EMMap: A Systematic Framework for Spatial EMFI Mapping and Fault Classification on Microcontrollers
Gandham Sai Santhosh, Siddhartha Sanjay Naik, Ritwik Badola, Chester Rebeiro
TL;DR
EMFI lacks a unified methodology for mapping spatial sensitivity and fault outcomes on microcontrollers. It proposes a device-agnostic framework that combines spatial probing, architecture-level observability, and a three-category fault taxonomy. Pilot demonstrations on Xtensa LX6 (ESP32) and ChipWhisperer targets show how spatial position, timing, and EMFI parameter choices shape faults into control-flow, data, or system-level categories. By providing structured guidelines and an extensible workflow, the work enables reproducible EMFI research and more resilient embedded system design.
Abstract
Electromagnetic Fault Injection (EMFI) is a powerful technique for inducing bit flips and instruction-level perturbations on microcontrollers, yet existing literature lacks a unified methodology for systematically mapping spatial sensitivity and classifying resulting fault behaviors.

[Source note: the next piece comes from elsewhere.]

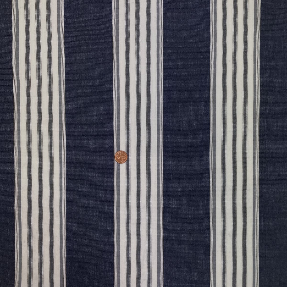 Markisväv i marinblå/grå/vit/randig, den marinblå randen är ca. 8cm och den vita mäter 8,5 cm med olika grå och vita ränder.

Building on insights from O'Flynn and Kuhnapfel et al., we introduce a platform-agnostic framework for Spatial EMFI Mapping and Fault Classification, aimed at understanding how spatial probe position influences fault outcomes. We present pilot experiments on three representative microcontroller targets including the Xtensa LX6 (ESP32) and two ChipWhisper boards not as definitive evaluations, but as illustrative demonstrations of how the proposed methodology can be applied in practice. These preliminary observations motivate a generalized and reproducible workflow that researchers can adopt when analyzing EMFI susceptibility across diverse embedded architectures.